Decoding Some Basic AI Jargon With Chai

Vidit VatsVidit Vats
3 min read

Vectors: -

  • When we deal with unstructured data, it has no descriptive attributes i.e. we cannot define the properties that we can store.

  • In order to get rid of the previous behavior, we make Vector Transformation of the data.

  • It is generally represented in the form of a 1-D Array.

Transformers: -

  • Transformers belong to a type of “Deep Learning Architecture” that consists of 2 phases mainly called Encoding and Decoding Phase.

  • The term was first quoted in the Research Paper titled “Attention Is All You Need” published by Google in 2017.

Encoder: -

  • This unit is responsible for initiating the “Tokenisation” Phase. Basically, it is responsible for breaking the input query into the minimum possible unit of data called tokens.

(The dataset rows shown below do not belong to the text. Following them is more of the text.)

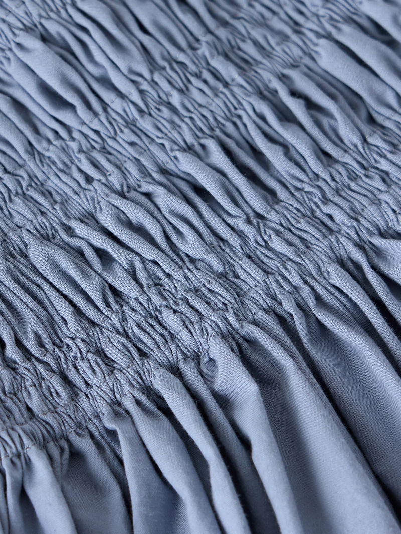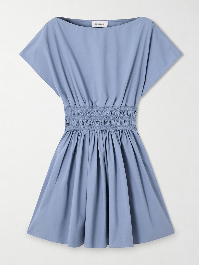 Matteau's dress is made from organic cotton and has an elegant batteau neckline and shirred waist that defines your figure. Discreet pockets in the A-line skirt enhances its casual feel.
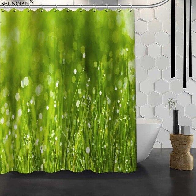 Maak van elke douche een verfrissende ervaring met dit prachtige douchegordijn gras met dauwdruppels.
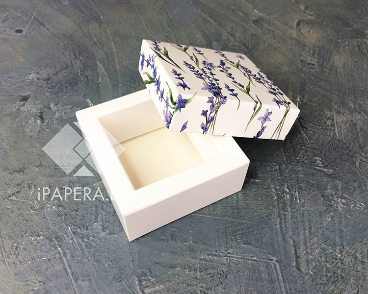Коробка «Лаванда» 5*5*3 см с фальшбортом (белое дно)
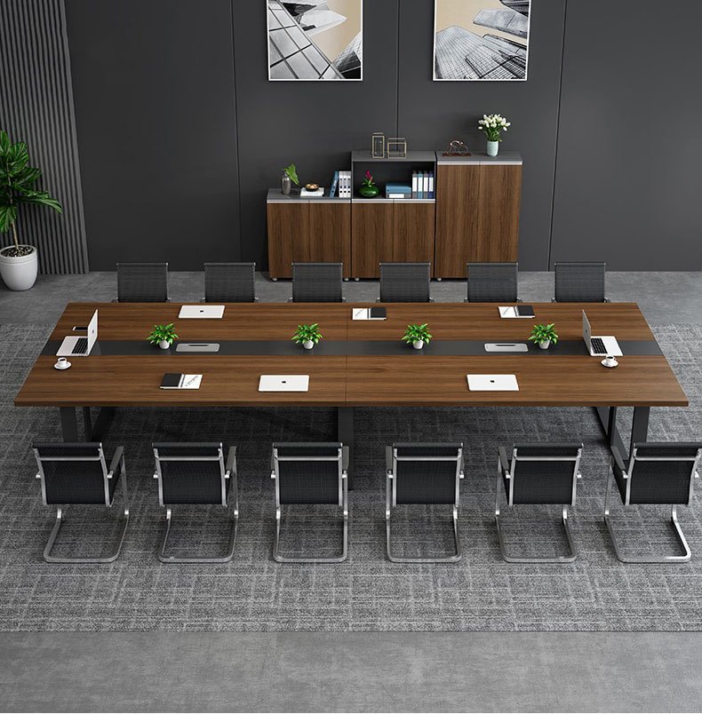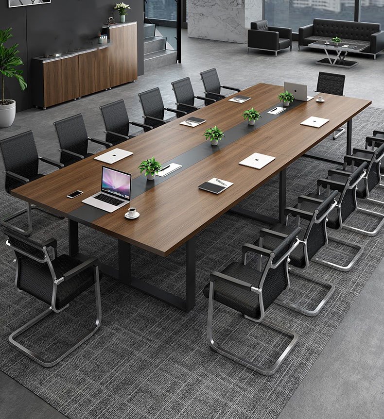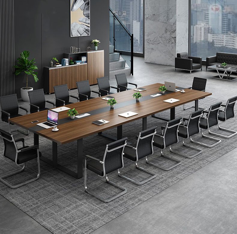 طاولة اجتماعات طويلة بسطح خشبي أنيق وقاعدة قوية، مناسبة لغرف الاجتماعات الرسمية والفرق الكبيرة
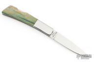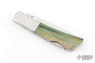 This Silver Knight by Gerber features a mirror polished blade with nail nick. The handle has stainless steel bolsters, mammoth scales, stainless steel liners, and a stainless steel backspacer. Has a couple light scuffs and scratches, excellent condition otherwise. File work on blade and rocker bar, as well as the scale replacement, by Ken Metsala.
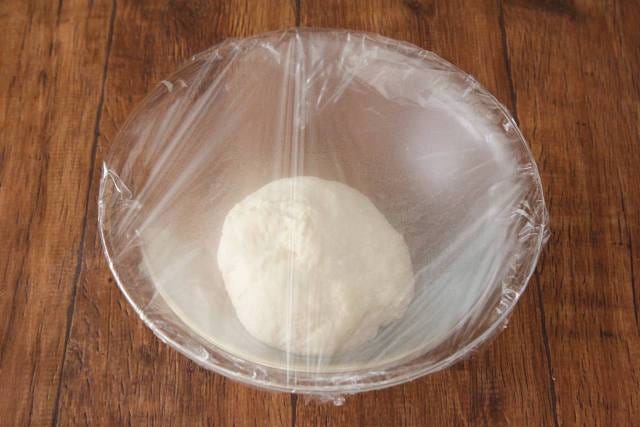 ⑥ ⑤の生地が乾燥しないようにラップなどでぴっちりと覆い、35℃で40分ほど一次発酵をさせる。
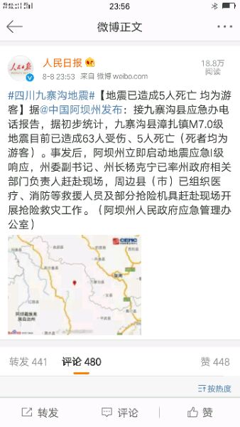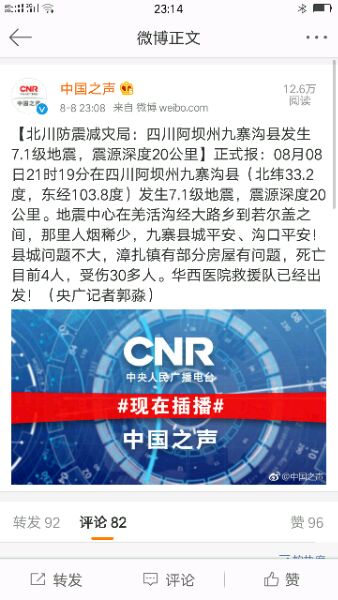 【与电影无关】四川九寨沟发生7.0级地震

  • Consider a simple query: What is your name
    There are 4 words in this input query, Therefore we have 4 tokens here.
    Keep in mind that only the count of unique tokens is maintained.

Decoder: -

  • Decoder is a unit that generates output one-word at a time.

  • It remembers the previous state and guesses the desired state by trial and error.

Embeddings: -

  • The Tokenisation process is done to generate the Vector Embeddings. Embeddings are how we give meaning to numbers in a way that models can understand.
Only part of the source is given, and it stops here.